◆ DATASET EXCERPTS ◆

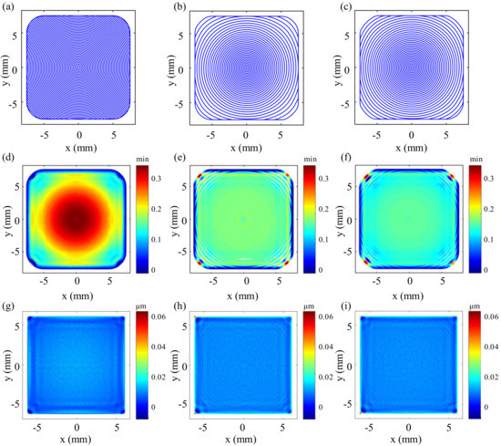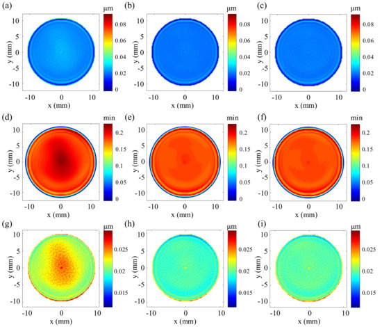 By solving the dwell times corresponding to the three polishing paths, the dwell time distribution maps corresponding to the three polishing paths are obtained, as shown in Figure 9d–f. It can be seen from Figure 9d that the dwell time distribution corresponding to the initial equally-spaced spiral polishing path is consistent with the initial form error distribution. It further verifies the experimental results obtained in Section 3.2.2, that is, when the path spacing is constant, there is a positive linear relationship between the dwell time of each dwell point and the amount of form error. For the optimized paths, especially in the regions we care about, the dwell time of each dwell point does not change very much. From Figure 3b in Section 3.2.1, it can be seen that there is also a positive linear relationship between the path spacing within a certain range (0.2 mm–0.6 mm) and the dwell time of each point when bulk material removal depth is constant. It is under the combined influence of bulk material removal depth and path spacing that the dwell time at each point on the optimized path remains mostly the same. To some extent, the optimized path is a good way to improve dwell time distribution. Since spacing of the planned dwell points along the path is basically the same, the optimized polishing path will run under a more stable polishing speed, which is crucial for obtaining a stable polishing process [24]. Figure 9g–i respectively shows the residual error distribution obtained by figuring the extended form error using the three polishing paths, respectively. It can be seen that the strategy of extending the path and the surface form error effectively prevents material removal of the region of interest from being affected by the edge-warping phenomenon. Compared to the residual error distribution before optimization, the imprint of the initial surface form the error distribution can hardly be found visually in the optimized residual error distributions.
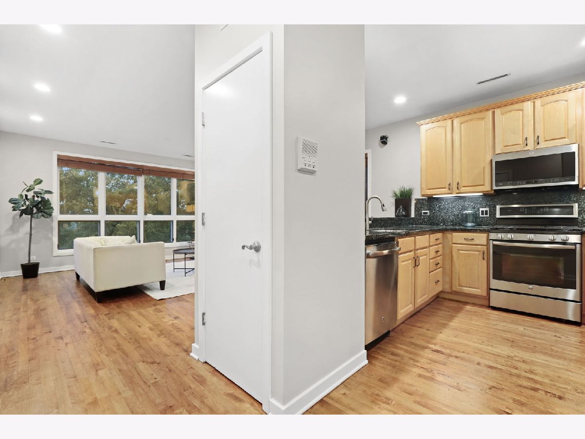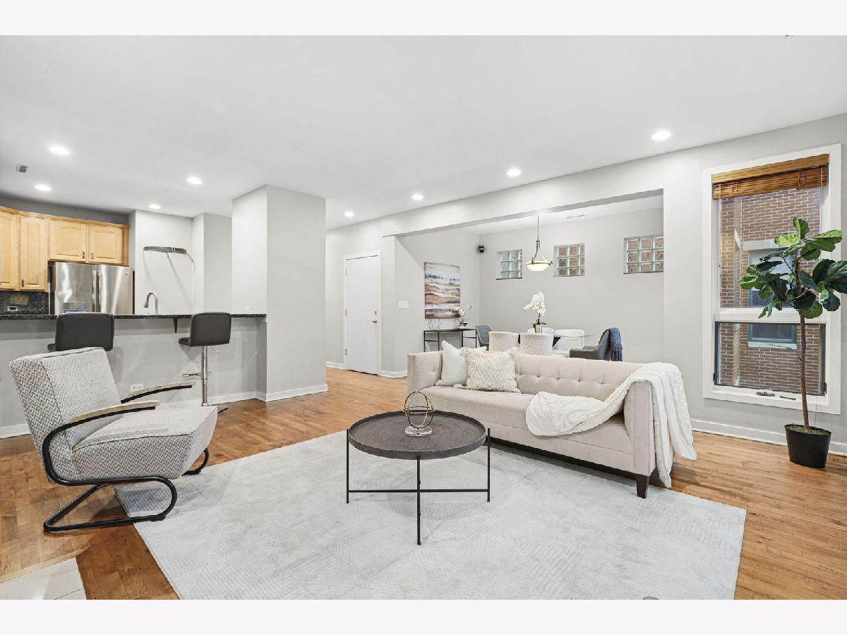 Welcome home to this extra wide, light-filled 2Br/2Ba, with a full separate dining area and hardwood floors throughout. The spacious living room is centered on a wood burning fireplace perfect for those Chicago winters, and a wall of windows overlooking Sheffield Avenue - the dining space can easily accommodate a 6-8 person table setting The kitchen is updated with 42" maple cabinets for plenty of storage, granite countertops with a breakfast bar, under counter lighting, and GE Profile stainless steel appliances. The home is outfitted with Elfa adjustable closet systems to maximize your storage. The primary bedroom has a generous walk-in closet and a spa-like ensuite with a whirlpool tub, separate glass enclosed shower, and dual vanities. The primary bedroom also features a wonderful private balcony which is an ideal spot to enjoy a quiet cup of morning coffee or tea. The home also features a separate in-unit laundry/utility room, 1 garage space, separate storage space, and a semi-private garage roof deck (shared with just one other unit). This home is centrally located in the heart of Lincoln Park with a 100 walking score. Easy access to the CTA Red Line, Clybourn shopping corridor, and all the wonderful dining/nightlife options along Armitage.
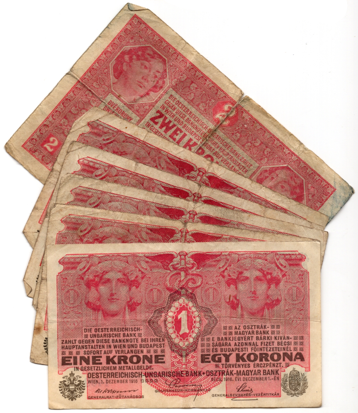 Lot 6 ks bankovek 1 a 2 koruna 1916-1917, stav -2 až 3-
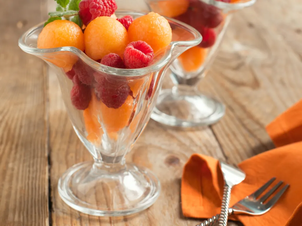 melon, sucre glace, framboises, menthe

--

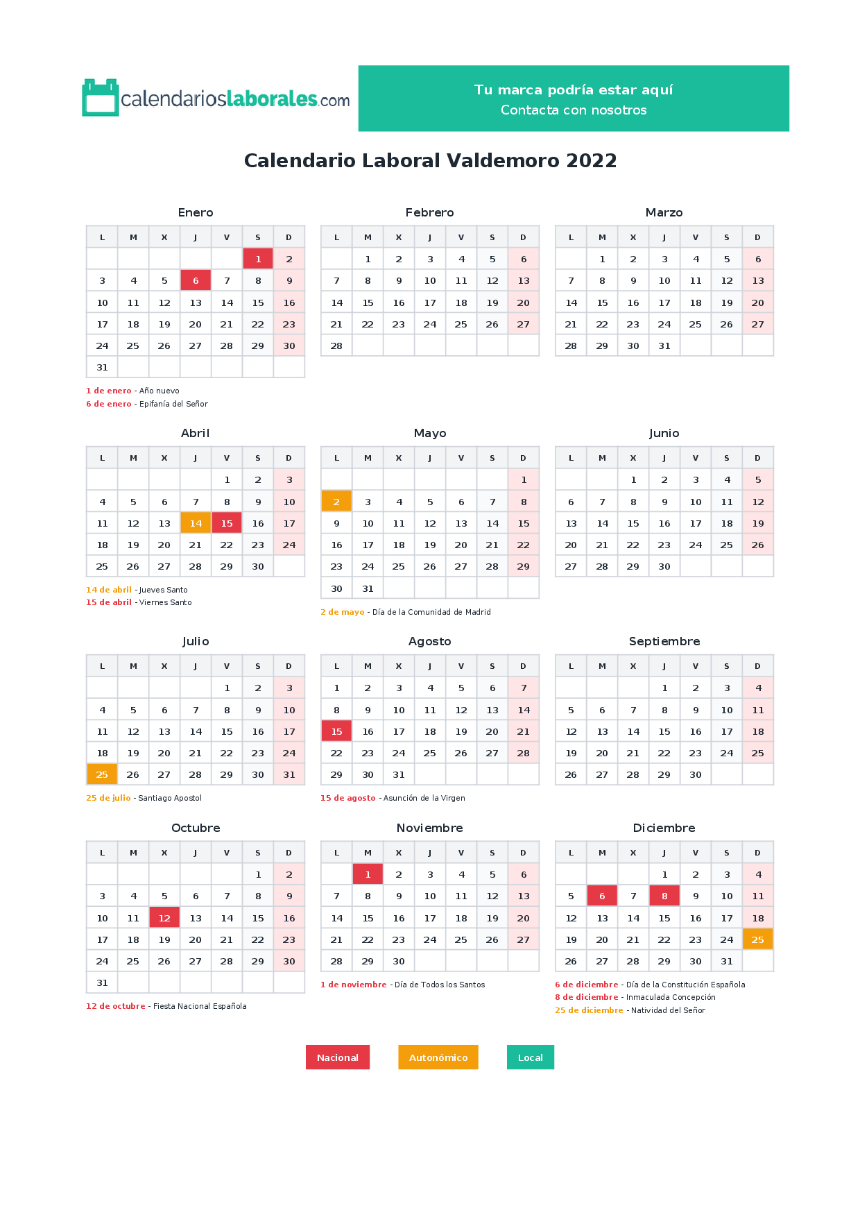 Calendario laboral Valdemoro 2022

◆ EXERCISE PROMPT ◆
The answer must be the part of the records that opens with the line containing "Lot 6 ks bankovek" and closes with the line containing "melon, sucre glace, framboises, menthe", reproduced exactly, with no pictures.

◆ REPLY TO THE EXERCISE ◆
 Lot 6 ks bankovek 1 a 2 koruna 1916-1917, stav -2 až 3-
 melon, sucre glace, framboises, menthe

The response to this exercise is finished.